Baby: A new baby in the house is exciting for the parents, but occasionally is a source of stress (or, let’s face it, jealousy) for the cat.  A new baby means a new routine, new smells and sounds, and less attention for the cat, which may cause a more sensitive cat some anxiety. Provide a quiet place for your cat to escape the chaos, and if she is comfortable there, consider providing a litterbox in that area.  Also, try to reserve a few minutes when possible to provide attention, play, and cuddle time for your feline friend.

New roommate/partner/significant other: Any significant change in a cat’s routine can be a source of stress, and a new housemate can cause a significant upset.  Keep in mind that your cat is not used to this person yet, and try to cut him some slack.
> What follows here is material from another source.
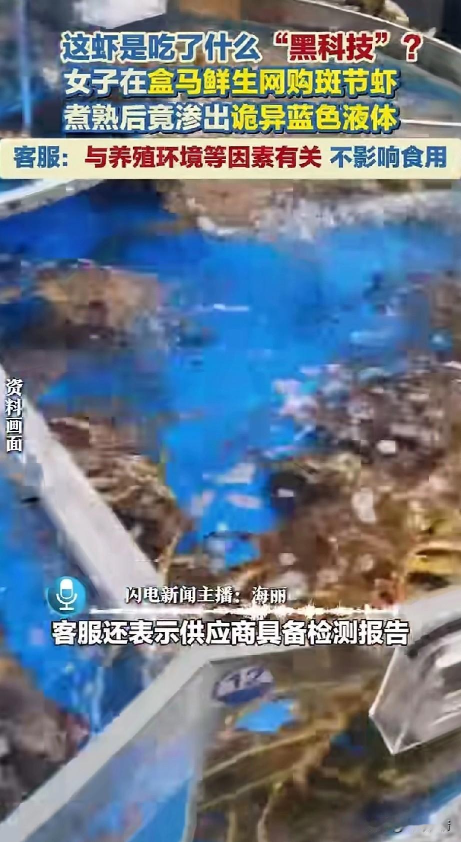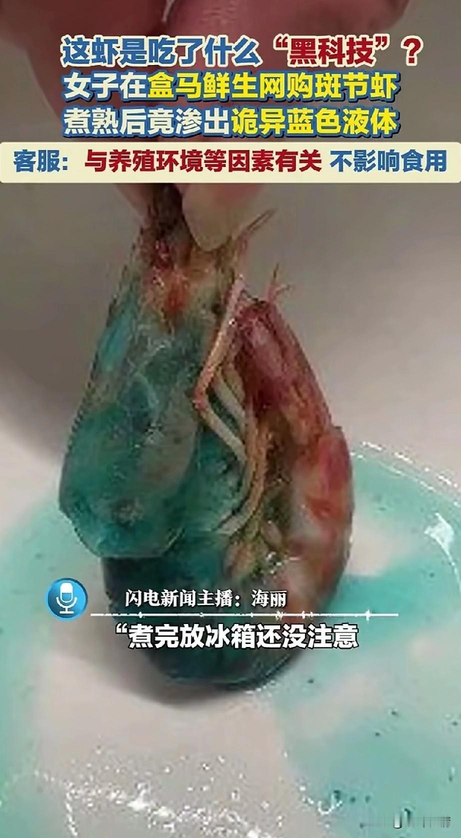 女子在盒马生鲜网上购物斑点虾,本来一家人开开心心的要吃虾,结果有一只虾居然泛着蓝色液体! 这让做虾的女子吓了一大跳,她看着留下来的蓝色液体,瞬间就对这些虾没了胃口! 还咨询了河马的客服,结果河马客服告知他们,这是养殖环境的结果,根本不影响使用!他们的产品都是有检测报告的!可以放心实用! 但看着也太吓人了,只好把这只虾冻在了冰箱里,随后表示自己要拿去检测,想了解这蓝色液体到底是什么? 有没有养虾的网友?解答一下,这些蓝色液体到底是什么?是什么行业内幕吗?这样的虾到底能不能吃? 现在大品牌的水产品也是很吓人,养殖环境能把虾养成蓝色,真让人很奇怪,这样的颜色的虾,真的让人难以下口! 现在的食品安全卫生真的让人触目惊心,吓得老百姓都不敢相信了,毕竟一不小心就要吃出了病只能自己承担! 大家觉得盒马生鲜卖的虾有蓝色液体渗出,这是什么? 劣质食品该不该追责 盒马鲜生活虾 氨氮中毒虾 马斑虾 斑点虾捕捞期

In the meantime, encourage cleanliness in the house, as clothes full of unusual smells (housemate’s workplace, new laundry detergents, etc.) can tempt a cat to do something to make sure that the new stuff smells like them too!  Also encourage the new person to spend time with the cat, as nurturing a bond will only help the process.  It is also important to make sure that with a new person and a new routine in place, the cat’s litterbox routine (how often it is cleaned, what type of litter is provided) remains the same.


Cat’s Health

If there are no obvious changes in the box or the household that might prompt a change in behavior, it may be time to consider a medical cause. 

  • Age/Mobility

If your cat is very old or very young, it may not be physically able to use a litterbox reliably.  Especially with elderly cats, climbing in and out of a litterbox may be too much of a hardship, so they settle for eliminating somewhere else.  If your cat doesn’t get around as well as she used to, consider a box with smaller sides so she can get in and out more easily.  It is also possible that your cat has less control over his bladder as he ages, and cannot always make it to the litterbox.  If this is the case, litterboxes more evenly spaced around the house may help.

  • Urinary Tract Infection

A urinary tract infection may cause frequent and/or painful urination.  This often means that cats will avoid using the litterbox.  If your cat seems to be urinating frequently or if doing so seems to make her uncomfortable, please bring her to a vet as soon as possible.  The infection will need to be treated with antibiotics.

  • Urine Crystals or Blockage

If your cat is producing crystals in his or her urine, they may have trouble urinating.  These crystals, if left untreated, can form a blockage that means your cat is physical unable to urinate.  This is a serious medical condition that requires immediate veterinary care—it will not go away on its own and can cause serious illness, organ damage, and eventually death.  Symptoms of urine crystals include frequent visits to the litterbox with small amounts of urine produced, pain while urinating, and, when a blockage is present, straining to urinate without producing anything.  Again, if urination is causing your cat pain or if you notice them using the litterbox more often, please see a vet immediately!


You may also want to consider introducing cat pheromones, such as Feliway, to the household.  These pheromones are a commercial production of the pheromones that cats produce when they are happy, and can have a calming effect on cats which may help.